アクセンチュアのコンサルタントは、「アナリスト」から始まり、「コンサルタント」、「マネジャー」、「シニア・マネジャー」、「シニア・エグゼクティブ」と順にポジションを進めていく仕組みになっている。各ポジションを2~5年ずつ経験していくのが通常のアクセンチュアでのキャリアパスだが、程氏はわずか26才でマネジャーに抜擢された。
「偶然に直属の上司が休職することになった事情もあり、ほかの人よりも速くマネジャーになりました。アクセンチュアでは、顧客企業の担当者はアクセンチュアの担当者の担当者よりもひとまわり以上年上になることも多いです。年上の顧客企業の担当者に話を聞いてもらうため、いろいろと工夫が必要でした」
程氏はマネジャーになってほどなく、ある金融機関の担当になった。もちろん、顧客企業の担当者は、日本の銀行業務について熟知している。そこで程氏は、当時はまだあまり知られていなかった金融工学の話をすることで顧客の信頼を勝ち得るきっかけを掴んだのだ。
経営コンサルティングでは、顧客企業の経営状態や組織などを分析して、改善策を提案する。つまり、まずは顧客企業の担当者に、コンサルタントの話を興味を持って聞いてもらわなければならないのだ。

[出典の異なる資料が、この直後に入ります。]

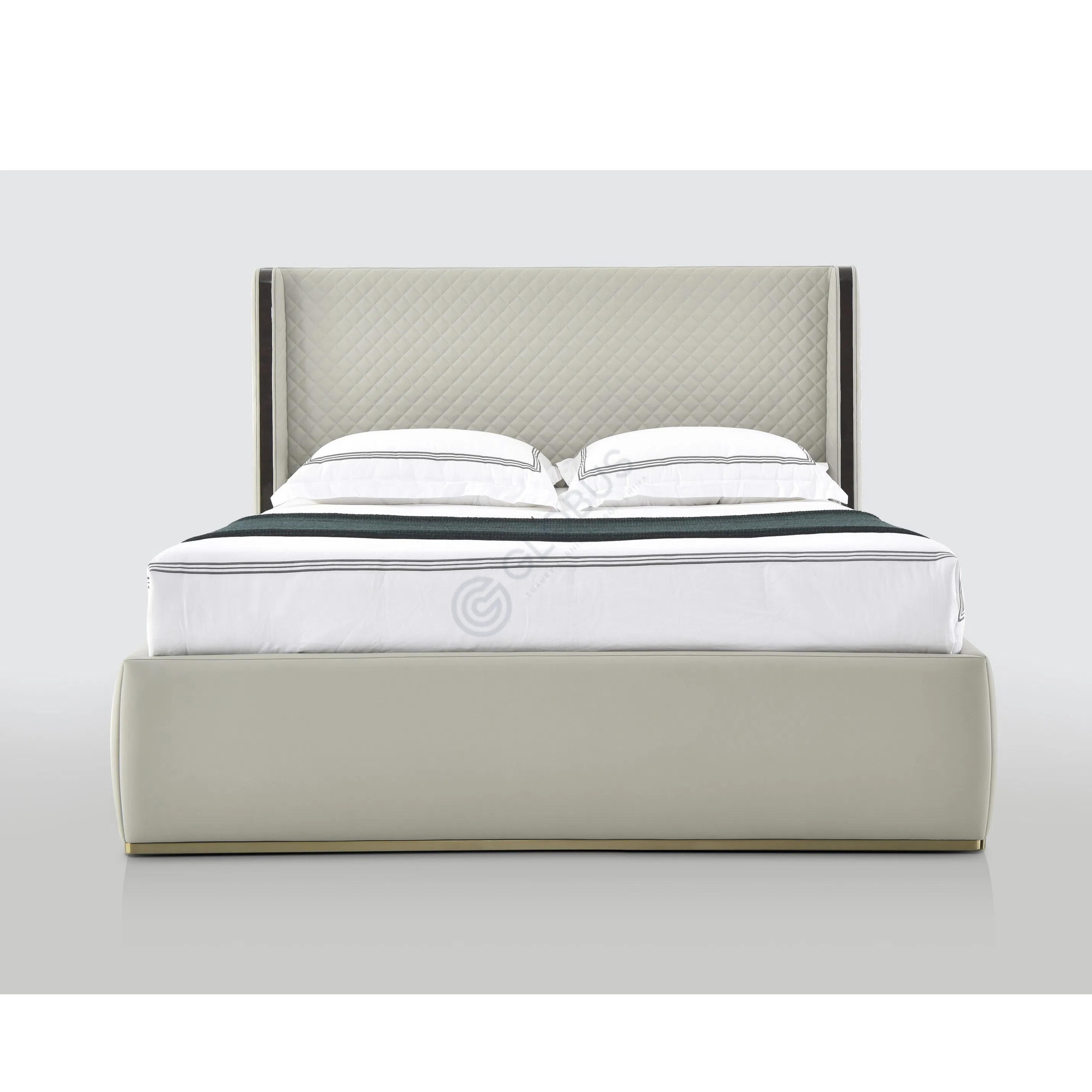 Обивка, выполненная из высококачественной экокожи на микрофибре, пленяет нежной текстурой и приятными тактильными свойствами. Внешняя часть спинки и боковин оформлена изысканной ромбовидной стежкой, которая придает креслу особый шарм, перекликаясь с классическими мотивами в современной интерпретации. Контрастные вставки из темной экокожи по периметру подлокотников подчеркивают изящные изгибы, добавляя выразительности силуэту.
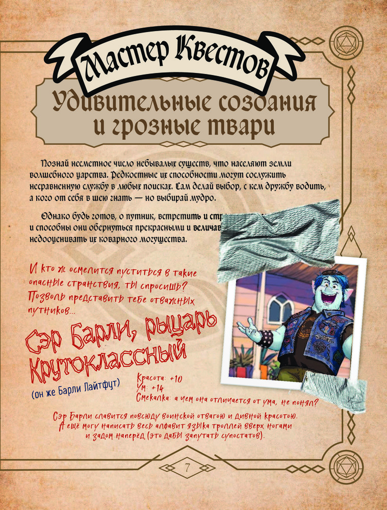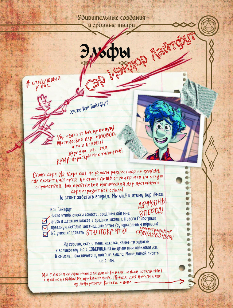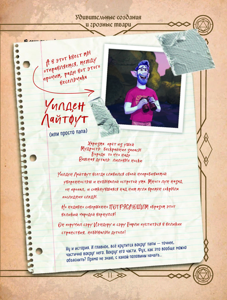 💳 Оплатить за товар можно при получении 🇰🇿 Есть бесплатная доставка по Казахстану от 1 дня 🎁 Копите бонусы с каждой покупки Серия: Уолт Дисней. Нерасcказанные истории В ваших руках — самые потрясающие путевые заметки на свете! Ведь именно эта книга помогала Иэну и Барли — героям нового диснеевского фильма «Вперёд» — в их квесте: подсказывала Иэну новые заклинания, а Барли — куда им идти. Это руководство стало их незаменимым спутником на пути к тому, чего им так долго не хватало, — к встрече с отцом. И по дороге отважные эльфы оставляли на полях книги свои заметки об их путешествии. Узнайте об их впечатлениях, испытаниях, провалах и победах из первых рук, а заодно... попробуйте себя в роли настоящего волшебника и искателя приключений! |
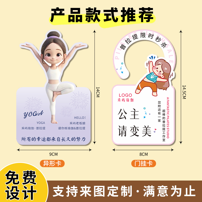 瑜伽体验卡定制普拉提拓客引流地推神器卡片设计异形减肥塑形私教课名片制作美容开业活动广告宣传门挂卡印刷
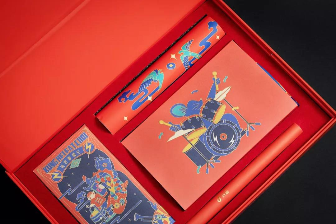 禮盒內有一幅“有好事發(fā)生”掛布、一套春聯(lián),以及大小紅包和福字,更酷的是,禮盒采用折疊設計,一秒變裝飾擺件儲物盒。
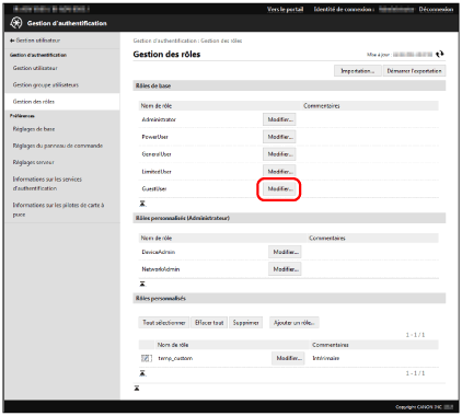 Lorsque l'on modifie le rôle [GuestUser], il est recommandé d'exporter les paramètres de rôles afin de les sauvegarder. Pour plus d'informations, voir « Exportation de rôles ». |
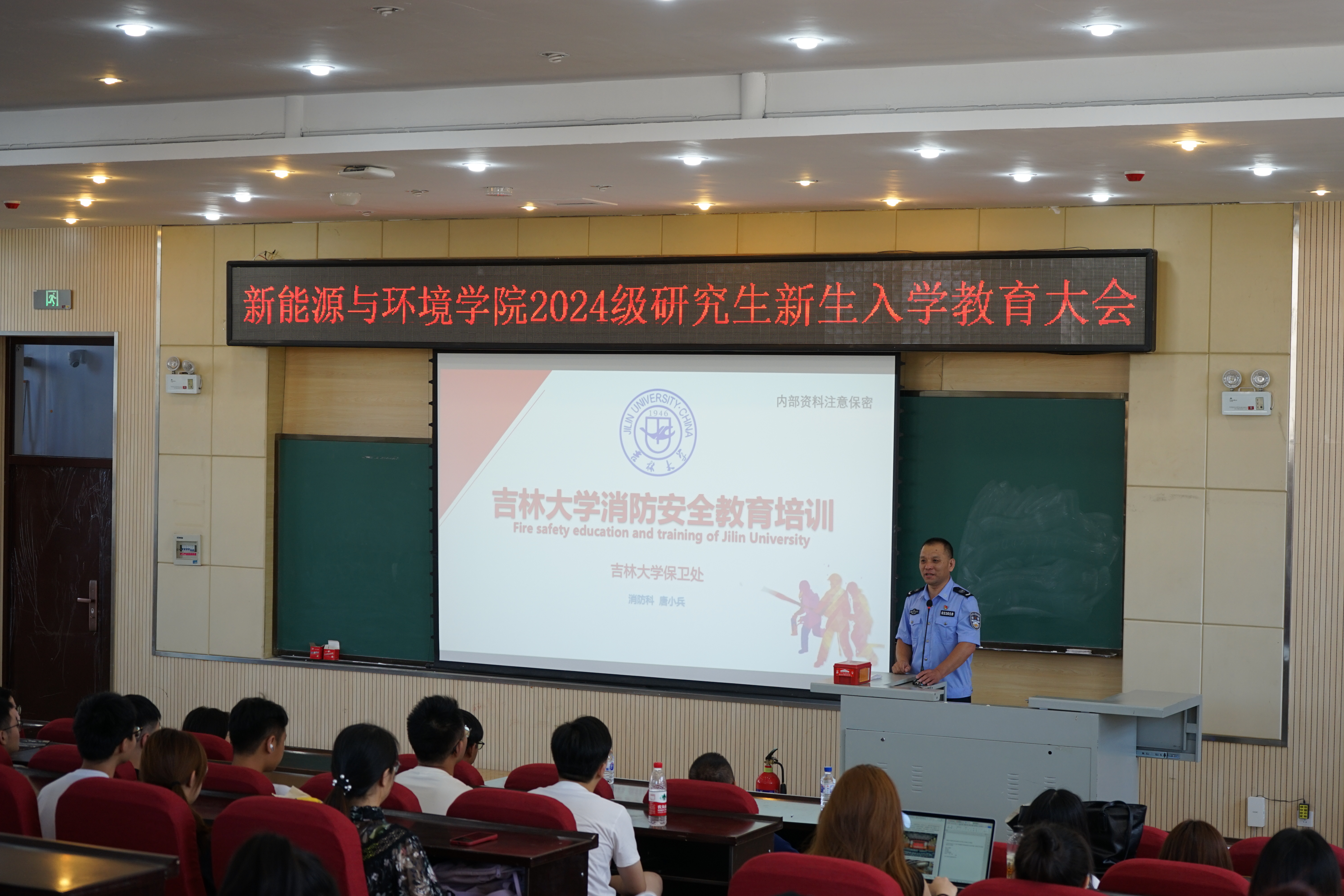 保卫处消防科科长唐小兵老师进行了消防安全教育培训,讲述了近几年高校发生的火灾实例,展示了两类常见灭火器的使用方法,提升了同学们的消防安全意识和消防安全技能。
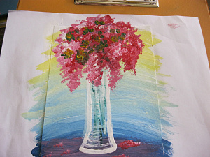 Подождем минутку, когда контуры вазы просохнут и нарисуем стебли наших цветов (рис. 3). Теперь можно рисовать цветы, например, сирень. Для этого «распушим» нашу среднюю кисточку (просто покрутив её по палитре-тарелке), наберём немного белой и малиновой краски, и легко постукивая по «холсту», изобразим гроздья сирени. Важно помнить, что источник света у нас – слева и сверху. Поэтому добавляем лёгкие мазки кистью с белой краской на наши гроздья сирени слева и сверху. Если добавить немного тёмной малиновой краски, то сирень станет объёмной (рис. 4). Маленькой кисточкой проводим 2–3 белых вертикальных штриха в вазе и 3–4 горизонтальных плавных штриха — покажем фактуру стекла и объём вазы (рис. 5). Нарисуем зелёные листочки сирени маленькой кисточкой, просто касаясь «холста», и наш подарок готов (рис. 6)!
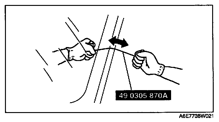 3. Secure one end of the SST (piano wire), and while pulling the other end, cut the sealant around the windshield.

当然のことながら、担当者はその分野のプロフェッショナルである。コンサルタントといえども、キャリア(経験)を比較されれば太刀打ちすることはできない。程氏は、そんなときこそ「プラスアルファ」が必要だという。
「日本のビジネスパーソンには休みが多いので、年間250日働くと考えても40年で1万日にしかなりません。1円と1万円を想像してみてください。私には、1万日が決して長い時間には感じられません。ですから、3年ごとに自分自身をチェックして、自分のキャリアを見直す必要があると考えています」
程氏は3つのポイントをチェックしているという。1つめは、自分が会社に貢献できているか。2つ目は、次のチャレンジや次のステージが見えるか。そして3つ目が、自分自身の市場価値がその3年間で上昇したかどうか。どれかに問題があれば、現在のキャリアパスを見直す必要があるのだ。
さらに、どのような職業でも、最低3年は続けてみるべきだとよく言われるが、程氏は、一人前になるには3年では不足だと指摘する。3年で分かるのは、仕事のおおよその全体像と、自分に何が不足しているかだけに過ぎないからだ。